◆ Problem statement ◆
Leaving out all pictures, copy the lines below exactly, from the line with "Kojenecké šatičky s" to the last line, both ends included.

◆ Dataset extract ◆
'''

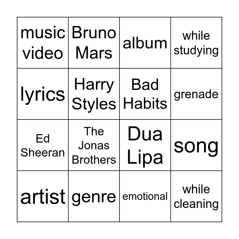 This bingo card has 20 words: song, pop music, album, rating, artist, lyrics, genre, music video, Ed Sheeran, Bruno Mars, The Jonas Brothers, Dua Lipa, Harry Styles, while cleaning, Bad Habits, annoying, grenade, while studying, emotional and Levitating.
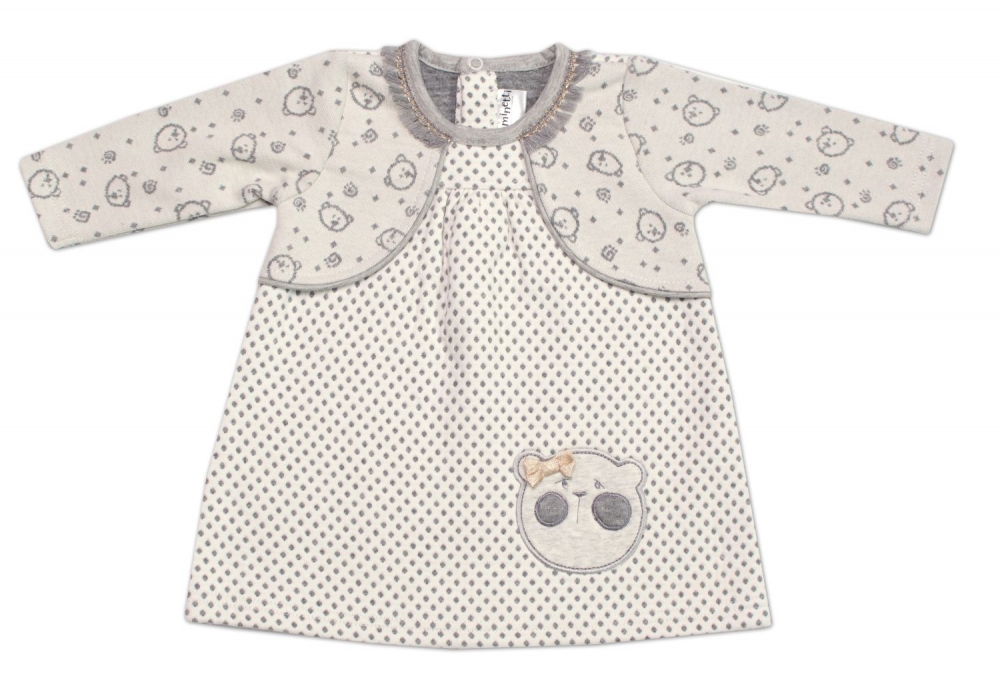 Kojenecké šatičky s bolerkem Lovely Teddy, Minetti - ecru/šedé
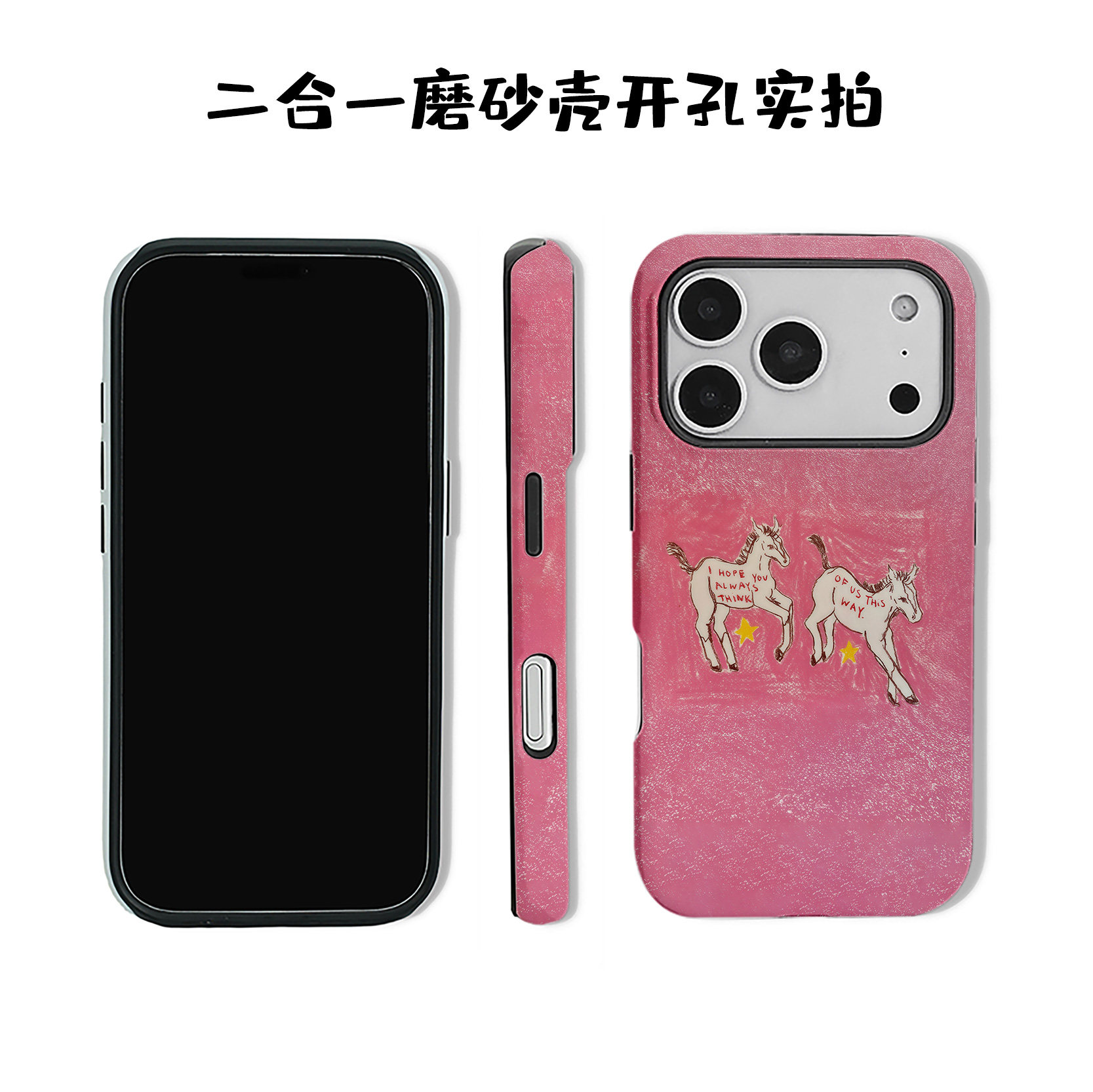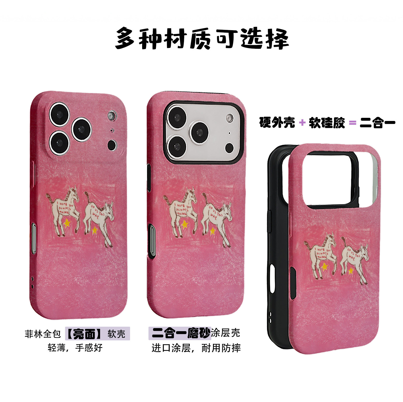 复古粉色梦幻马年白马菲林二合一手机壳适用苹果17nova14华为p70mate60小米15opporen14ovivo荣耀300iPhone16

'''

◆ Result of the exercise ◆
 Kojenecké šatičky s bolerkem Lovely Teddy, Minetti - ecru/šedé
 复古粉色梦幻马年白马菲林二合一手机壳适用苹果17nova14华为p70mate60小米15opporen14ovivo荣耀300iPhone16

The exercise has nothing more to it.